From the birth of my daughter and for the last six years (during which time my young son was born), I’ve meticulously tested, observed, and refined the experiences I provide for my children (now ages three and six). Like any new parent, my hope was to evolve from an Aspiring Good Dad to a Super Dad, so I was eager to find ways to not only capture my children’s attention, but also contribute to their physical, emotional, mental, and social development. As costs of supporting a family continued to spiral beyond my wildest anticipation (I mean, seriously?!), my evaluation of toys and experiences also centered on return on investment. I don’t want to spend money on toys that turn out to be garbage and break hours after purchase, or find hundreds of toys building up in my house and gathering dust because there’s just too much. I don’t want to enroll my children in activities to prep as an Olympian that they’ll never be or get scholastically ahead when academic education isn’t what they need. I don’t want to make them play in ways and places to satisfy my adult goals. I want what is best for them.

I’ll admit that I wasn’t exactly following pure scientific method in my experimentation. But as I watched and tried new things, I began to notice patterns. A hypothesis began to form in my exhausted mind, but with only two children—and being time starved—I eventually turned to research to accelerate my understanding and validate my suspicions. I researched obsessively, night after night, month after month—buying dozens of books and poring over the Internet, devouring every article and piece of educational material I could find. I talked to my children’s teachers, to friends, to my own parents.

What I discovered about the history of child-raising, play, and parenting styles around the globe profoundly affected my view and day-to-day approach in raising my own children. I’ve discovered that:

  • The dominant culture of mass-produced and marketed toys is new.
  • Young children’s capabilities are far-reaching, and we are overprotecting them.
  • Play, and especially risky play, is vital to children’s growth.
  • There isn’t good guidance for parents in how to best participate in children’s play.
  • Questioning the status quo is confronting and challenging, but critical.
  • The setup in our homes greatly determines children’s play opportunities and outcomes.

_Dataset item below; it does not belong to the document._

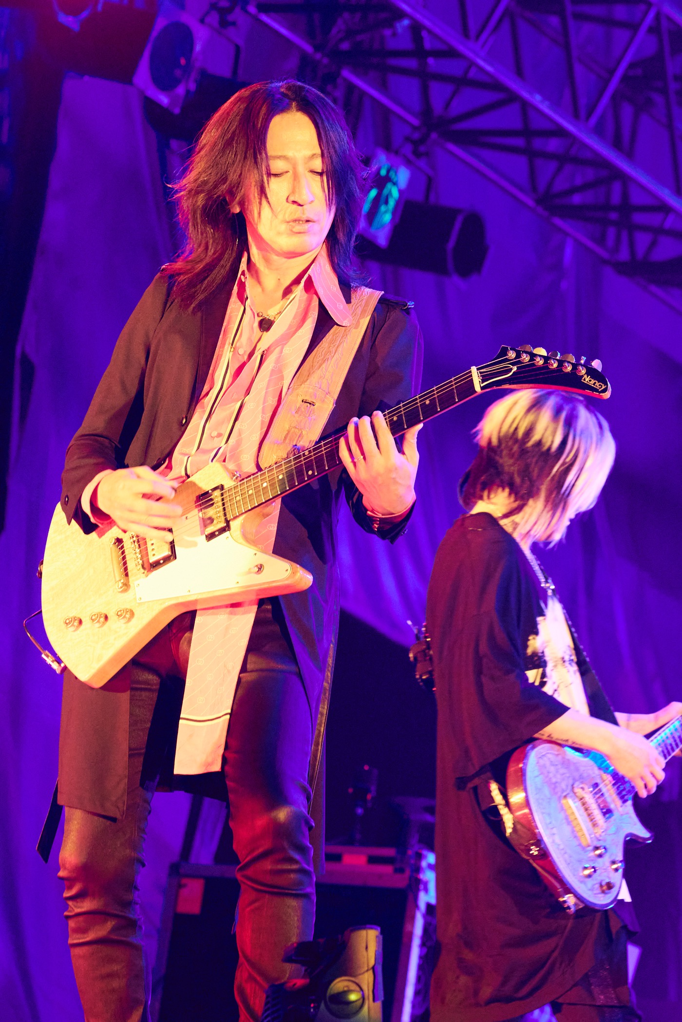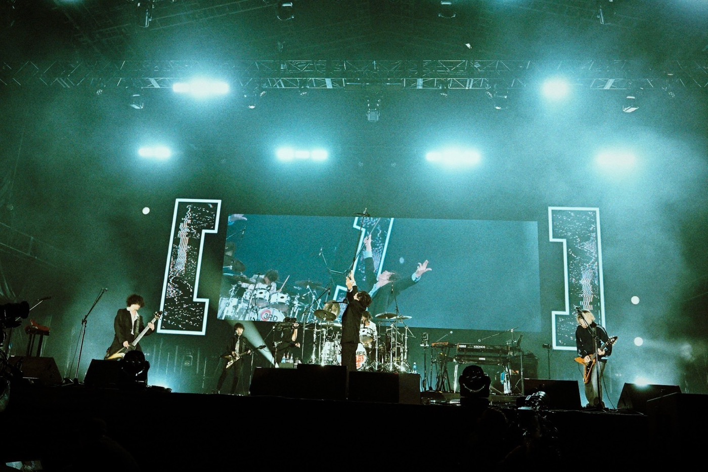 空も夜の闇に包まれ、ステージセットの緑色のネオンライトが煌々と輝くなかで登場した1日目6番手、GLAY。1曲目のイントロが響きわたると、オーディエンスからどよめきが起こる――「HOWEVER」だ。この美しく普遍的な名曲を相模原の夜空に盛大に羽ばたかせ、ライブがはじまる。TERUは「2年間、小田急相模原に住んでいたことがあります。ただいま!」と告げると、「サバイバル」「口唇」と、往年の名曲たちを獰猛でパワフルなバンドサウンドで立て続けに披露。全曲サイドモニターには全編の歌詞が映し出されており、音と言葉で一気に体と体を鷲掴みにされる。「ヒロくん(磯部寛之)がよく聴いていてくれた曲」という紹介ではじまったバラード「May Fair」を披露すると、さらに火柱が上がる激しい演出の中で披露された新曲「whodunit」の最中には[Alexandros]「Dracula La」のカバーを差し込むなど、粋な演出も。時代を背負い、時代を作ってきたバンドとしての貫禄と求心力が重たく轟くとともに、今でも新しくなり続けるバンドとしての柔軟性と軽やかさが清々しく鳴り響く。TERUが小田急相模原に住んでいたのは32年前だと言っていたが、キャリアを重ねながらも、こんなにも艶やかで、逞しく、無邪気であることができるなんて奇跡のようだ。狂おしく疾走する「彼女の「Modern…」」、そしてラストを飾った「誘惑」ではオーディエンスの声も重なり、爽やかな一体感を生み出した。

The results of this curiosity—of this quest—have given me much delight. I am confident in the choices I make for my children. More importantly, I’ve witnessed repeatedly the joy and happiness with which my children find their play when it is unstructured, outdoors, and with the right materials.

This book presents the results of these six years of experimentation and research.

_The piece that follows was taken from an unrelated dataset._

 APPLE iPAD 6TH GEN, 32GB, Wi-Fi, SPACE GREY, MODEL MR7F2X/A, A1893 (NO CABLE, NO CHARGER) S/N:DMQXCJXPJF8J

What I have learned and share in this book may seem counterintuitive. The findings challenge the beliefs of the majority. My own belief system and faith in common practices have been shaken, and this can be terribly inconvenient. Friends and relatives have often found themselves at the opposite end of a spectrum from me when it comes to children’s toys and children’s play. Ironically, the “toys” I’ve found to be the best—the ones that blow other toys away in price, replay, and longevity—consist of tried and true tools for child development. The toys that seem to perform the best have much of human history backing their success, and they directly impact how the children play.

Book Overview

In this book, I share my discovery, practices, and ingredients for successful backyard play. I believe this is a tremendous value for children age two to six. This book has been inspired by my personal journey, verified by decades of research, and championed by children around the world.

In the first part of the book, I share what I’ve learned as I’ve delved into the world of Loose Parts, Adventure Playgrounds, Risky Play, and Playwork.

In the second part of the book, I provide seven different accounts of my experiences in the backyard, examples of how to do it yourself in practice, and where you can get the materials.
My hope is that you can read the entire book today and take action tomorrow. Nothing has proved more rewarding to me than finding ways to help my children in their own journeys.